When KGIP creates a graph it assigns it an ID value. We can get that value as shown below and use it to retrieve the graph in a later session with the [`client.get_graph_by_id()`](katana.remote.Client.get_graph_by_id) method,  and the retrieved graph would still have the nodes, edges, and properties that were added above. This would even work if your Internet connection or the cluster hosting your KGIP deployment went down, as long as you had saved this ID first. 

In [19]:
print(graph.graph_id)

7yoq4iy9VybFKUcDZF2CTzwXTxn6NMcf2XLzFpMUkpf


We mentioned earlier that this graph was being created in the default database. If you iterate through `client.get_database("default").graphs_in_database()` and print the `graph_id` value of each, you will find the ID value that you output in the previous cell. 

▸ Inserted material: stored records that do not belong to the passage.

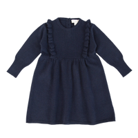 Mädchen tragen graue Strickjacken, Strickmützen in rosa und dunkelblau mit grauer Schleife am Saum von PAPA LOBSTER
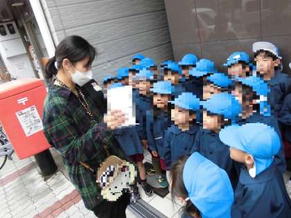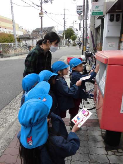 5歳児のそら組が4歳児の年賀状も預かって、幼稚園の近くのポストに投函しに行きました。
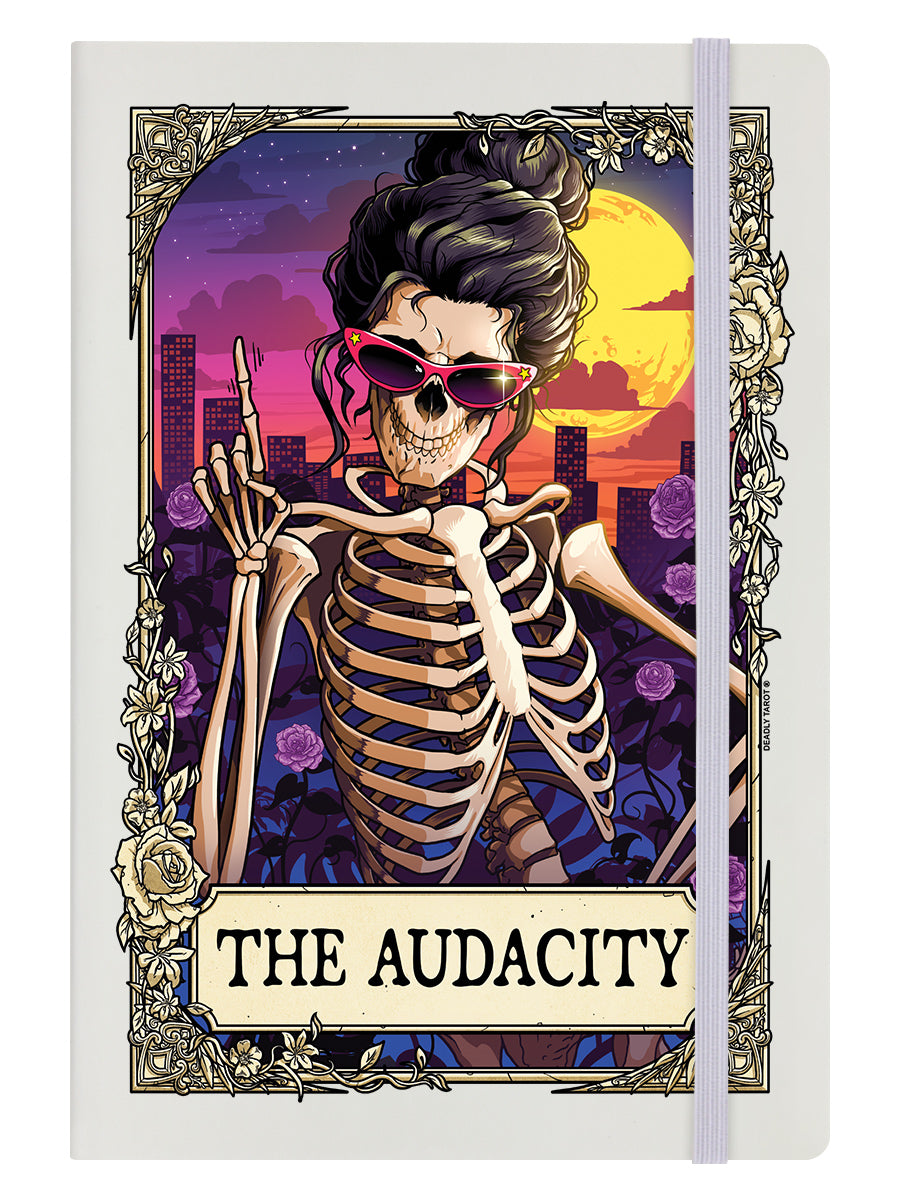 Keep all of your written creations safe in this notebook by Deadly Tarot. Taking the standard concept of tarot cards and giving them a relatable twist, these items are a must have for anyone interested it getting to pick their own card. The Audacity features on this notebook, which includes a skeleton with bight pink sunglasses and wagging their finger.

This particular graph won't be listed if you delete it, though. Uncomment the following cell and run it to do so. If you don't get an error, you know that the `delete()` operation worked.

In [20]:
# graph.delete()

## Next steps

Now that you've had this brief tour of how you can use a Jupyter notebook to work with graphs in KGIP, you can explore more things to try in these sections of the KGIP documentation: 

- **[Graph Query](query/index.rst)**:  How to write and run Cypher queries that explore and update your data, and how to create interactive visualizations of your query results. 
- **[Graph Analytics](analytics/index.rst)**: The analytics routines provided by Katana, what they can do for you, and how to use them with your data.
- **[Graph AI](ai/index.rst)**:  How to apply Graph Neural Networks (GNNs) and other machine learning techniques that take advantage of graph technology.